Using women tastelessly in advertising has been going on for years, even in the emancipated west and there is no doubt that there are many cases where they are exploited without relevance, to sell anything from car batteries to bull dozers. To regulate this is a serious problem because it is far too complicated a matter to implement. However, there is in every country, a framework that restricts and regulates communication so that it does not get offensive. As and when these codes are violated, even in the evil west, action is taken. Sometimes it works, sometimes it doesn’t, but here in Pakistan, the heavy-handed approach has only had the opposite effect. Women in society are targetted as sex objects and the reasons are not billboards. Our repressive and narrow thinking has put women at a disadvantage in a society were the males go unchecked.

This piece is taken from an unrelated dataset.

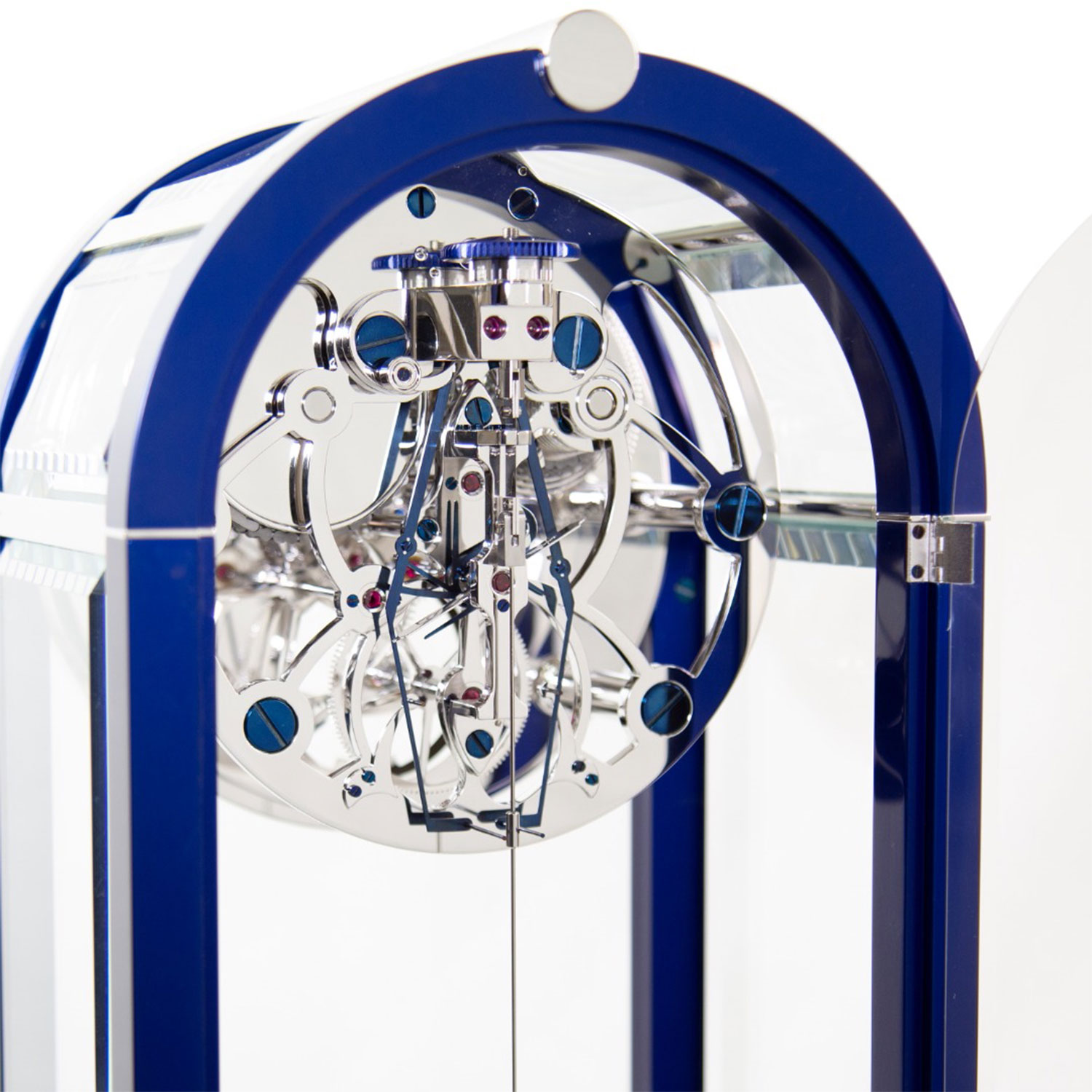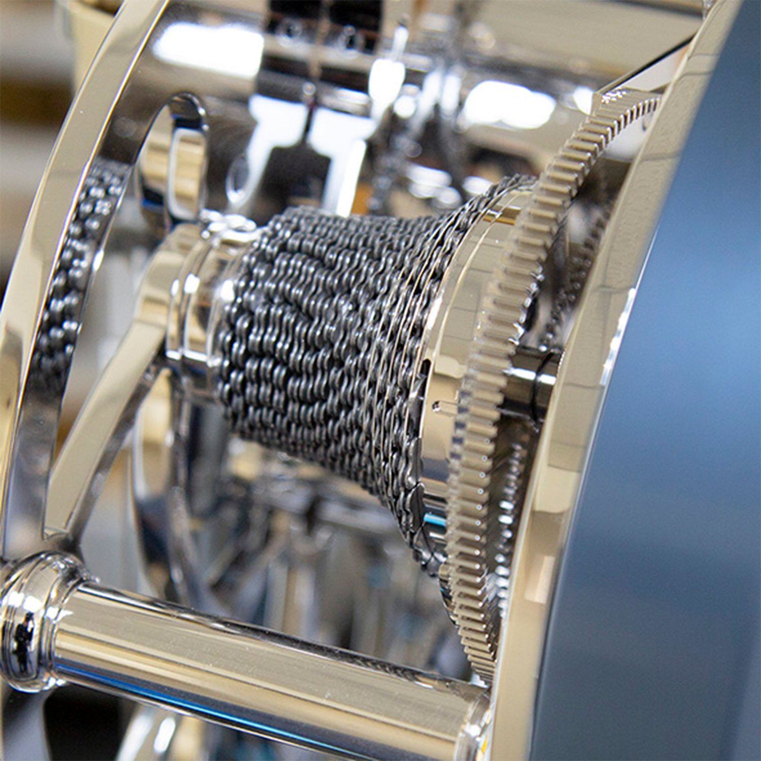 The case is made of aluminium, polished and hard anodized and finally finished with Renaissance wax. The beveled glass doors, which open to the front and back, are 6 mm thick. The side panels are also finished to provide an interesting view of the movement.

This attitude has led to the rise of vulgar behaviour rather than its control.
Who are we to guide the IIC which is perched on high moral ground, but it does need a reality check, remove its blinkers and understand what is going on and what actually constitutes ‘vulgaring’ and obscenity. Disfiguring faces of women on billboards, to us is vulgar and obscene, the work of sick, sexually depraved men. That should be stopped, not the work that appears on the billboards.